■ **Directions for this task**:
Below are entries to be transcribed exactly; exclude the pictures from the copy.

■ **Data supplied**:

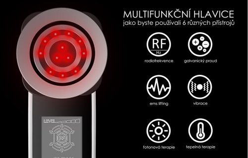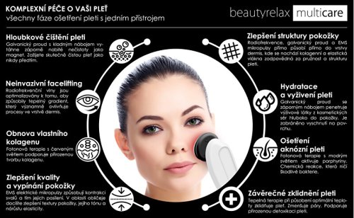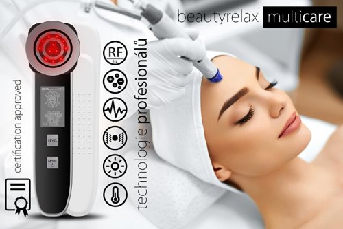Profesionální kosmetický přístroj k ošetření pleti nabízí moderní technologie, které jsou nejpoužívanější v dermatologii a kosmetickém odvětví. Začněte o pleť pečovat na profesionální úrovni i vy. Co můžete očekávat? Postupné zlepšení pružnosti pleti. Pokožka bude působit svěžejším dojmem. Eliminaci hlubokých i jemných mimických vrásek. Zvýraznění charakteristických kontur obličeje. Stimulaci obličejových svalů. Prokrvení a okysličení podkožní tkáně. Jemná lymfatická masáž pro redukci otoků obličeje. Účinnou podporu buněčného metabolismu a vstřebávání živin. Hlavní výhody Neinvazivní ošetření (přístroj neproniká přímo skrz pokožku). Ošetření bez jakýchkoliv nepříjemných pocitů. Bez nežádoucích trvalých změn pigmentace pleti. Ihned po proceduře lze použít kosmetické přípravky. Bez omezení pokračovat v jakýchkoliv aktivitách (např. před společenským programem). Specifikace 5 automatických programů Multicare s přednastavenými režimy ošetření pleti: Radiofrekvence Aplikační hlavice generuje energii prostřednictvím radiofrekvenčních vln se zcela specifickým výkonem a frekvencí. Radiofrekvenční vlny jsou optimalizovány k tomu, aby způsobily tepelný gradient, který významně ovlivňuje procesy ve vrstvě dermis. Dodaná energie aktivuje remodelaci kolagenových vláken a elastinu. Maximální možné zacílení energie i v lokalitách s výraznější tukovou vrstvou a následná excitace metabolických procesů má významný vliv na velmi efektivní vyhlazení povislých a deformovaných kontur. Galvanický proud Aplikační hlavice vytváří na svém povrchu proud s možností proměnlivého náboje. Řídící jednotka kosmetického přístroje umožňuje úpravu galvanického proudu takovým způsobem, aby docházelo ke kladnému či zápornému náboji. Kladná a záporná ionizace má odlišné účinky na pleť. Kladná ionizace - důkladné vyčištění pleti Kladná ionizace vytáhne záporně nabité nečistoty jako magnet. Zažijete skutečně čistou pleť jako nikdy předtím. Pouze čistá pleť je ta zdravá! Záporná ionizace - hloubkové vyživení pleti Galvanický proud penetruje výživové látky z kosmetických sér hluboko do pokožky. Je zabráněno vyschnutí na povrchu. Absolutní turboefekt pro vaše kosmetické přípravky! EMS Náš obličej je protkaný strukturou svalů. Obličejové svaly jsou zodpovědné za výraz a mimiku. Působením času svaly ztrácí přirozenou pružnost a elasticitu. Pleť působí fádním a unaveným dojmem. Aplikační hlavice BeautyRelax Multicare přenáší při kontaktu s pletí jemné elektrické mikropulzy, které pronikají přes svrchní část pokožky přímo k obličejovým svalům. Výkon a frekvence elektrických pulzů jsou speciálně upraveny tak, aby umožnily účinné, ale zároveň bezbolestné ošetření obličeje. Dochází ke kontrakci svalů a tím jejich posílení. Kolagenní a elastická vlákna jsou mechanicky stimulována. V oblasti obličeje docílíte zlepšení textury pokožky, jejího tónu a nárůstu elasticity. Pleť má omlazený a prozářený vzhled. To vše neinvazivně a bez jakýchkoliv nepříjemných pocitů. Vibrace Správná funkce lymfatického systému platí nejen pro tělesné končetiny, ale také pro náš obličej. Pokud máme lymfu a krevní oběh v pořádku, odvod nečistot z krve probíhá násobně lepším způsobem. Zlepšení krevního oběhu = stimulace lymfatického systému = lepší odvod nečistot a škodlivin z těla = krásná a zdravá pleť. Jednoduchá rovnice, která platí nejen pro obličej, ale pro celé naše tělo. Jemná vibrační masáž patří z technologického hlediska mezi nejjednodušší, ale zároveň velmi účinnou techniku ošetření pleti. Fotonová terapie Světlo je zjednodušeně viditelná část elektromagnetického záření různé frekvence. Dosahuje různých vlnových délek v intervalu 390 až 760nm (nanometrů). Lidské oko je schopné vnímat světlo o vlnových délkách v rozsahu od 400 do 800nm. Při fotonové terapii proniká světlo do těla jako proud energie ve formě fotonů. Je vědecky prokázáno, že různé vlnové délky světla mají za následek specifické účinky při péči o pleť. Studie ověřily reálný pozitivní terapeutický přínos pro živé tkáně a organismy na buněčné úrovni. Další terapie: Tepelná terapie (červené a modré světlo) - Ošetření pleti aplikační hlavicí s nastavenou optimální teplotou výrazně ovlivňuje funkci lymfatického systému obličeje a jeho látkovou výměnu. Působením teploty kolem 15°C je obvykle ošetření pleti zakončeno. Pleť se zklidní a dochází ke stažení kožních pórů.
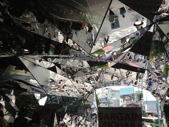 これが噂の街を乱反射するエントランス。むひ〜
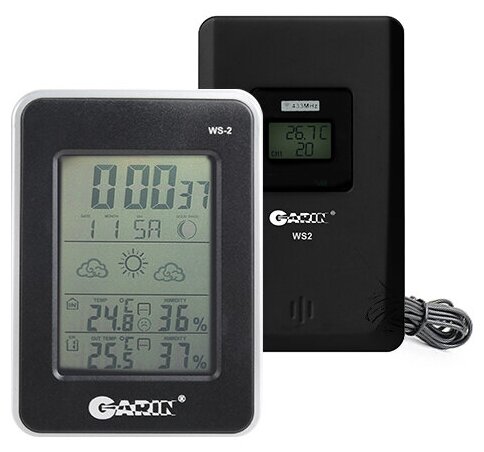 Домашняя метеостанция GARIN WS-2 (термометр-гигрометр-часы-дата-фазы Луны) с внешним беспроводным датчиком
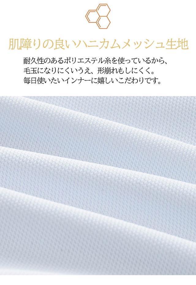 薄手のポリエステル生地はハニカムメッシュ仕立て。ハニカムメッシュは表面に凹凸を出し、小さな網状の構造の素材なので、肌にへばりつきにくく、通気性にも優れています。
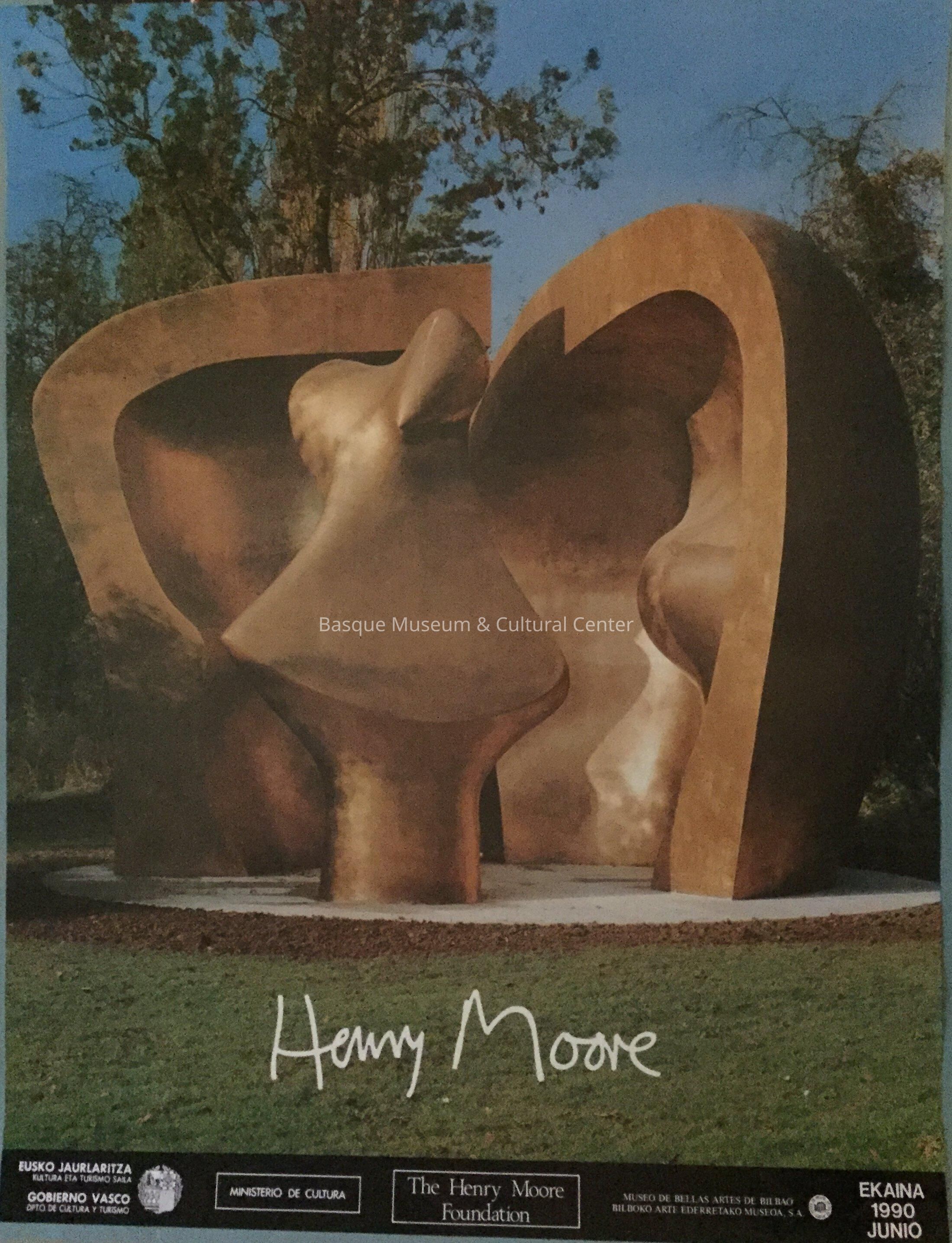 Full-color poster promoting an exhibit of sculpture by Henry Moore at the Museo Bellas Arts de Bilbao=Bilboko Arte Ederretako Museoa. Published by Eusko Jaurlaritza/Gobierno Vasco and sponsored by The Henry Moore Foundation.

■ **Written response**:
Profesionální kosmetický přístroj k ošetření pleti nabízí moderní technologie, které jsou nejpoužívanější v dermatologii a kosmetickém odvětví. Začněte o pleť pečovat na profesionální úrovni i vy. Co můžete očekávat? Postupné zlepšení pružnosti pleti. Pokožka bude působit svěžejším dojmem. Eliminaci hlubokých i jemných mimických vrásek. Zvýraznění charakteristických kontur obličeje. Stimulaci obličejových svalů. Prokrvení a okysličení podkožní tkáně. Jemná lymfatická masáž pro redukci otoků obličeje. Účinnou podporu buněčného metabolismu a vstřebávání živin. Hlavní výhody Neinvazivní ošetření (přístroj neproniká přímo skrz pokožku). Ošetření bez jakýchkoliv nepříjemných pocitů. Bez nežádoucích trvalých změn pigmentace pleti. Ihned po proceduře lze použít kosmetické přípravky. Bez omezení pokračovat v jakýchkoliv aktivitách (např. před společenským programem). Specifikace 5 automatických programů Multicare s přednastavenými režimy ošetření pleti: Radiofrekvence Aplikační hlavice generuje energii prostřednictvím radiofrekvenčních vln se zcela specifickým výkonem a frekvencí. Radiofrekvenční vlny jsou optimalizovány k tomu, aby způsobily tepelný gradient, který významně ovlivňuje procesy ve vrstvě dermis. Dodaná energie aktivuje remodelaci kolagenových vláken a elastinu. Maximální možné zacílení energie i v lokalitách s výraznější tukovou vrstvou a následná excitace metabolických procesů má významný vliv na velmi efektivní vyhlazení povislých a deformovaných kontur. Galvanický proud Aplikační hlavice vytváří na svém povrchu proud s možností proměnlivého náboje. Řídící jednotka kosmetického přístroje umožňuje úpravu galvanického proudu takovým způsobem, aby docházelo ke kladnému či zápornému náboji. Kladná a záporná ionizace má odlišné účinky na pleť. Kladná ionizace - důkladné vyčištění pleti Kladná ionizace vytáhne záporně nabité nečistoty jako magnet. Zažijete skutečně čistou pleť jako nikdy předtím. Pouze čistá pleť je ta zdravá! Záporná ionizace - hloubkové vyživení pleti Galvanický proud penetruje výživové látky z kosmetických sér hluboko do pokožky. Je zabráněno vyschnutí na povrchu. Absolutní turboefekt pro vaše kosmetické přípravky! EMS Náš obličej je protkaný strukturou svalů. Obličejové svaly jsou zodpovědné za výraz a mimiku. Působením času svaly ztrácí přirozenou pružnost a elasticitu. Pleť působí fádním a unaveným dojmem. Aplikační hlavice BeautyRelax Multicare přenáší při kontaktu s pletí jemné elektrické mikropulzy, které pronikají přes svrchní část pokožky přímo k obličejovým svalům. Výkon a frekvence elektrických pulzů jsou speciálně upraveny tak, aby umožnily účinné, ale zároveň bezbolestné ošetření obličeje. Dochází ke kontrakci svalů a tím jejich posílení. Kolagenní a elastická vlákna jsou mechanicky stimulována. V oblasti obličeje docílíte zlepšení textury pokožky, jejího tónu a nárůstu elasticity. Pleť má omlazený a prozářený vzhled. To vše neinvazivně a bez jakýchkoliv nepříjemných pocitů. Vibrace Správná funkce lymfatického systému platí nejen pro tělesné končetiny, ale také pro náš obličej. Pokud máme lymfu a krevní oběh v pořádku, odvod nečistot z krve probíhá násobně lepším způsobem. Zlepšení krevního oběhu = stimulace lymfatického systému = lepší odvod nečistot a škodlivin z těla = krásná a zdravá pleť. Jednoduchá rovnice, která platí nejen pro obličej, ale pro celé naše tělo. Jemná vibrační masáž patří z technologického hlediska mezi nejjednodušší, ale zároveň velmi účinnou techniku ošetření pleti. Fotonová terapie Světlo je zjednodušeně viditelná část elektromagnetického záření různé frekvence. Dosahuje různých vlnových délek v intervalu 390 až 760nm (nanometrů). Lidské oko je schopné vnímat světlo o vlnových délkách v rozsahu od 400 do 800nm. Při fotonové terapii proniká světlo do těla jako proud energie ve formě fotonů. Je vědecky prokázáno, že různé vlnové délky světla mají za následek specifické účinky při péči o pleť. Studie ověřily reálný pozitivní terapeutický přínos pro živé tkáně a organismy na buněčné úrovni. Další terapie: Tepelná terapie (červené a modré světlo) - Ošetření pleti aplikační hlavicí s nastavenou optimální teplotou výrazně ovlivňuje funkci lymfatického systému obličeje a jeho látkovou výměnu. Působením teploty kolem 15°C je obvykle ošetření pleti zakončeno. Pleť se zklidní a dochází ke stažení kožních pórů.
 これが噂の街を乱反射するエントランス。むひ〜
 Домашняя метеостанция GARIN WS-2 (термометр-гигрометр-часы-дата-фазы Луны) с внешним беспроводным датчиком
 薄手のポリエステル生地はハニカムメッシュ仕立て。ハニカムメッシュは表面に凹凸を出し、小さな網状の構造の素材なので、肌にへばりつきにくく、通気性にも優れています。
 Full-color poster promoting an exhibit of sculpture by Henry Moore at the Museo Bellas Arts de Bilbao=Bilboko Arte Ederretako Museoa. Published by Eusko Jaurlaritza/Gobierno Vasco and sponsored by The Henry Moore Foundation.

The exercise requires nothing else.